There are a number of excellent FTP site for Macintosh software which you should distribute your Shareware through: in particular the Info-Mac and UMich FTP sites are mirrored around the world, well maintained and well documented. (When you mail MacGifts your archive is automatically submitted to the Info-Mac and UMich moderators.)

However, your software expires from these sites and you don't have much control over the software once it is there. You really need a site where you can put the latest version of your software. This usually means getting an Internet Service Provider to host FTP services for you.

Be careful that your ISP doesn't charge you on the number of downloads of your software. Given the low registration rate for most shareware you can rapidly lose money if you aren't very successful and lose money even faster if you are.
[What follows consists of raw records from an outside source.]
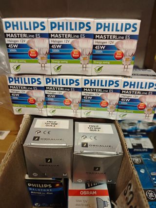 Lote de bombillas halógenas de diferentes marcas y potencia. Todas incluidas. Más de 50 Uds. - Incluye bombillas Philips FocusLine. - También bombillas Osram Starlite. - Varias bombillas LAES. - Bombillas Ledesma. - Bombillas FYEL. - Diversos voltajes y potencias.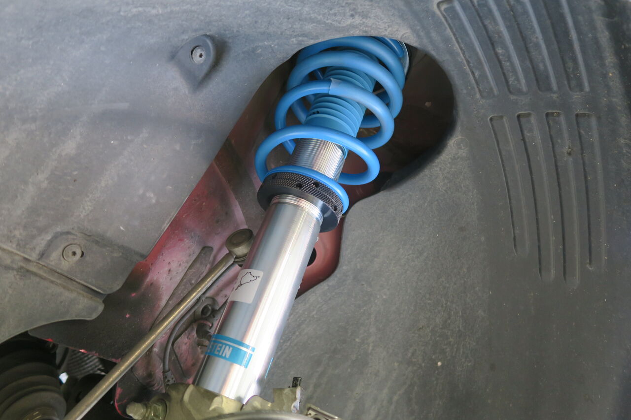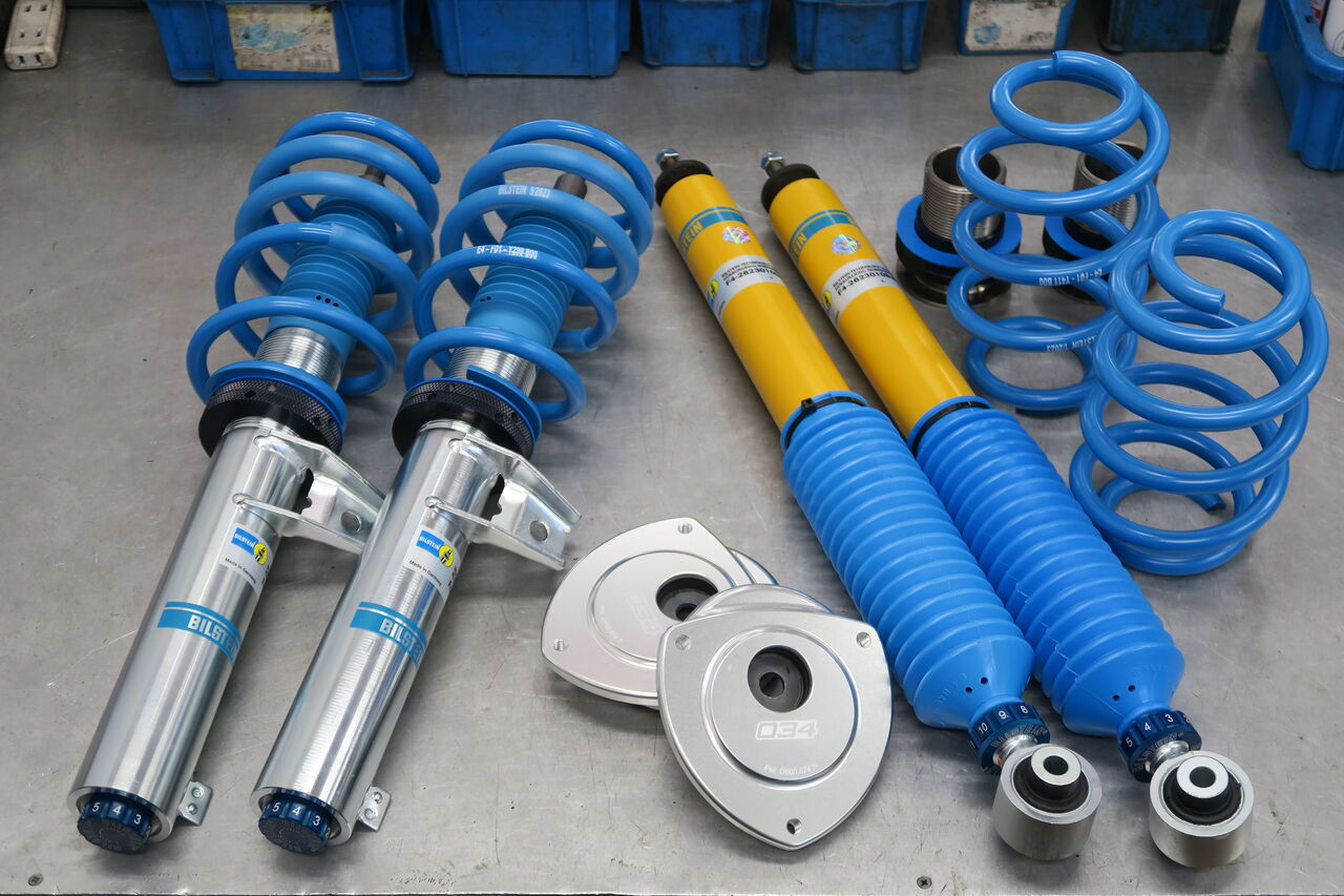 GOLF7 GTIの足回りアップグレードでお預かりしました。サスペンションは「BILSTEIN B16」に交換しました。減衰調整が可能なモデルとなりストリートからワインディング、サーキットまでしっかりと安定した走りを実現する車高調整式サスペンションキットです。ローダウンスプリングと異なり微細な車高調整が可能ですのでオーナー様の好みに合わせた車高調整が出来るのも大きな魅力です!今回同時に「034Motorsport ストラットキャンバーマウント」を装着しました。フロントキャンバー角は約-2.5度付近までネガティブ方向に変化させることができるため、ハミタイ対策のホイールの位置修正やスポーツ走行でのタイヤ接触面の修正など目的によっては便利なアイテムです!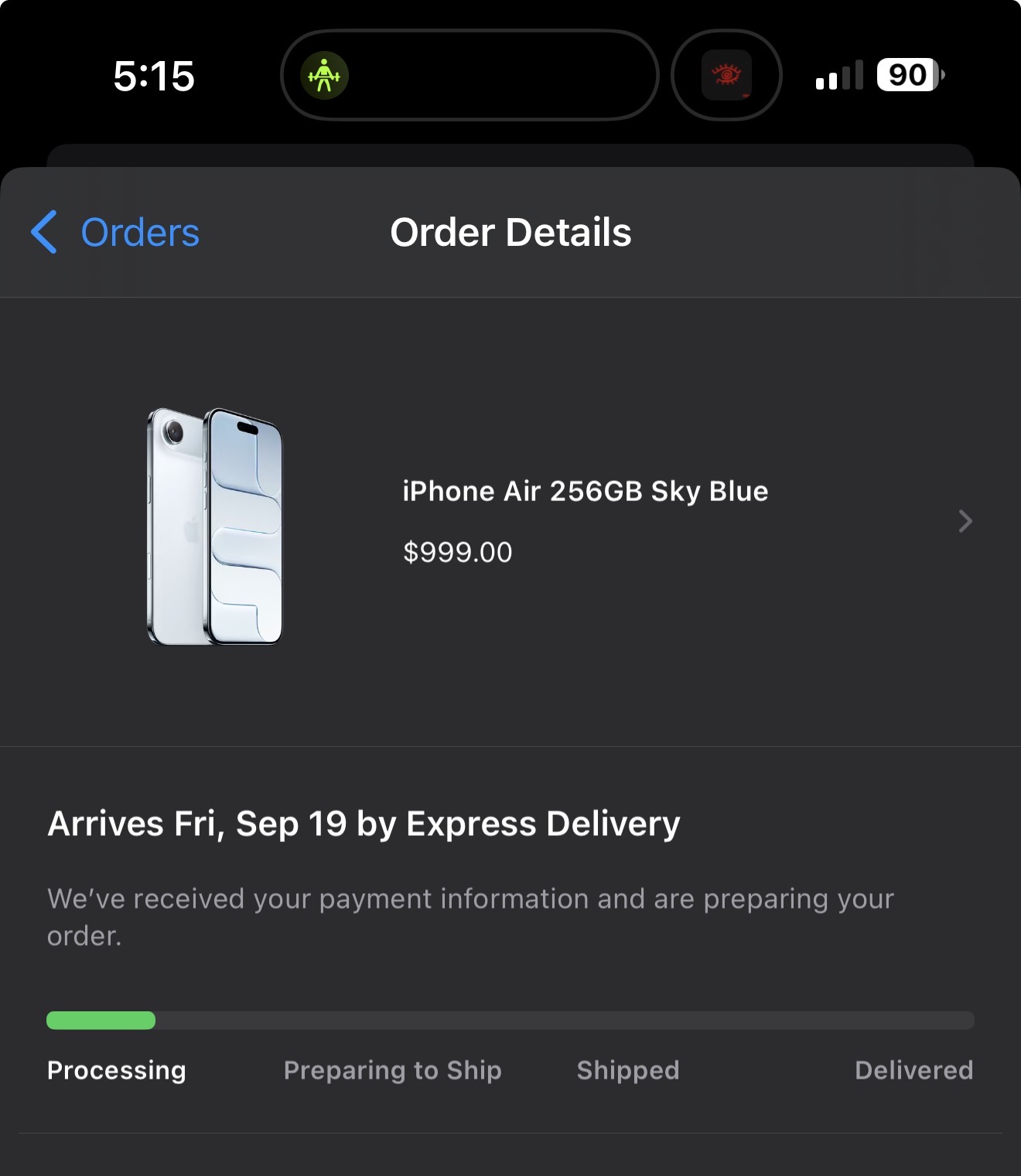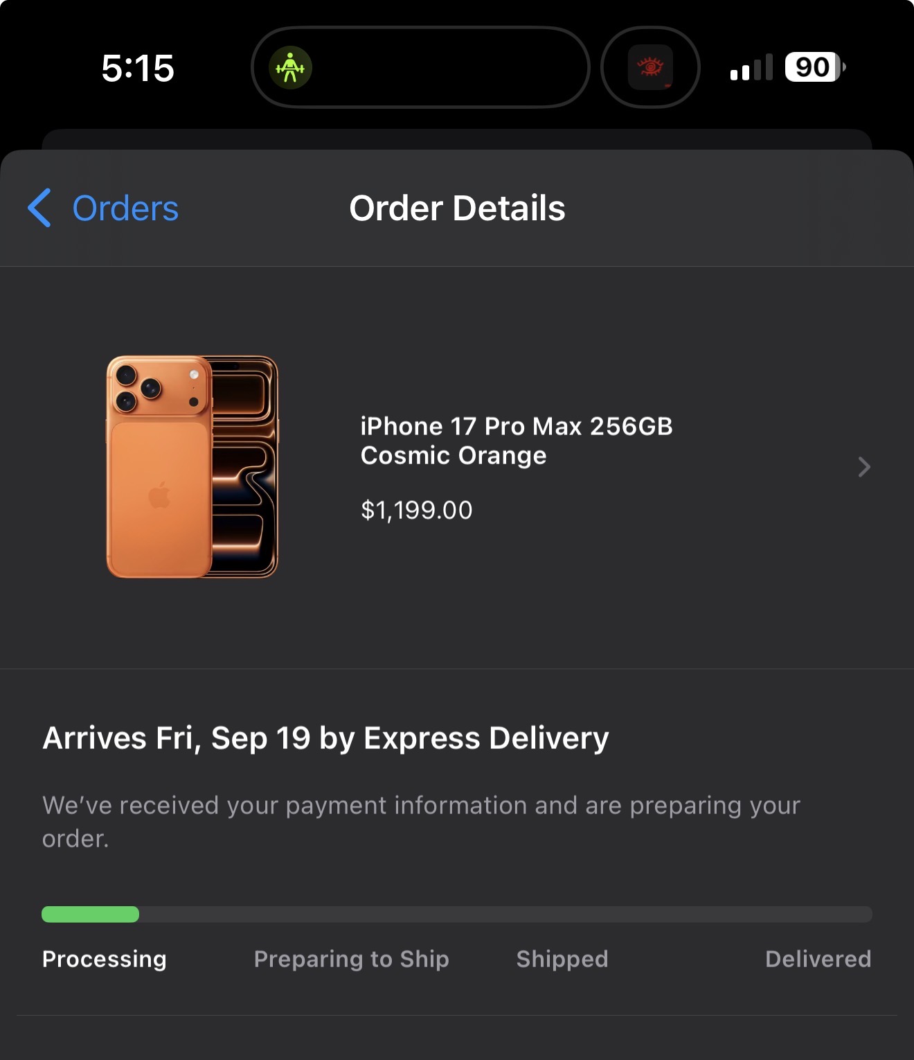 iPhone 17 Pro Max Deep Blue 512GB ordered. Picking up at the Apple Store around 11am.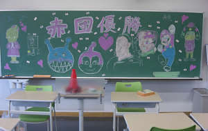 体育祭前日は、放課後の全学級の黒板に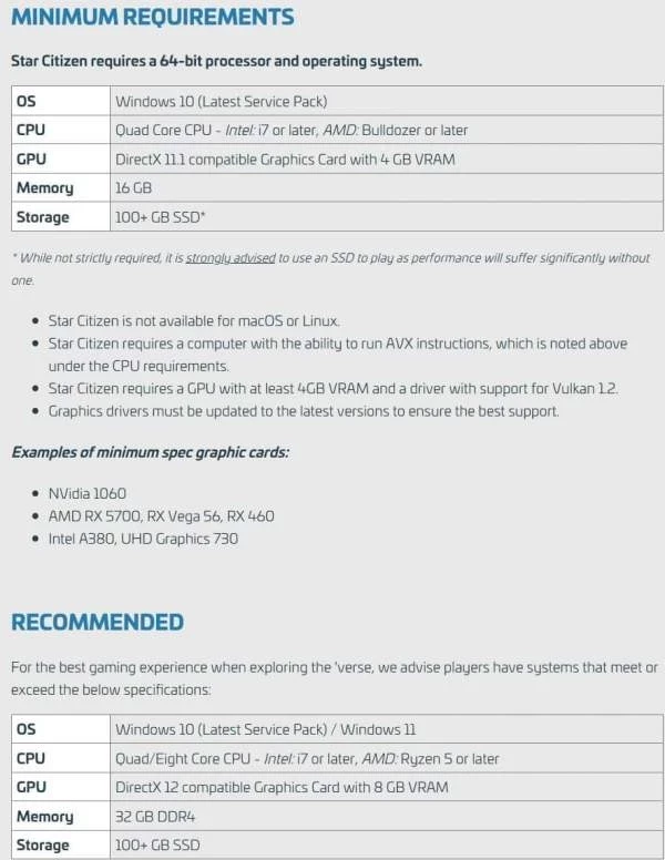 Для запуска Star Citizen потребуется ПК, способный выполнять инструкции AVX. Процессоры, не соответствующие этому требованию, не смогут запустить игру. Кроме того, необходима видеокарта с не менее чем 4 ГБ видеопамяти и драйвером с поддержкой Vulkan 1.2.

If you product gets exposure from places like MacInTouch you can expect tens of thousands of hits, which can add up to hundreds or thousands of dollars.

Luckily your FTP site can be anywhere on the Internet, it doesn't need to be geographically local. Look around. We use Seagull and they seem to provide good service. We pay about US$150 a month for 120M of FTP and Web space, unlimited hits, mail, domain name hosting services and more.

That may be too much when you are starting out, so look around. Beg and borrow space on FTP servers, pay for domain hosting and redirect to the server. Make friends with people at well connected University sites.

(Remember Kagi's deal, discussed earlier in the section entitled 'Kagi is your Friend', which 5Mb of FTP and Web Space for an additional 2% of received moneys. An excellent deal when you are starting up.)

If you are in the US you may already have a network connection to home at ISDN speeds. That should be enough to host your own FTP site if your machines stay up and connected around the clock.

A Shipping Checklist

Here is a brief checklist which you should go over before distributing your software. You'll expand this list as you go- this is a shortened version of our posting checklist. Our list is about three times this length and covers details specific to our setup.

All our archives are distributed in Stuffit (.sit) format. We have a master FTP site on our local machines which is mirrored to a couple of different machines in the US. The Stuffit archive are automatically MacBinary encoded as they are uploaded to our mirror sites, so typically our software is distributed as software.sit.bin.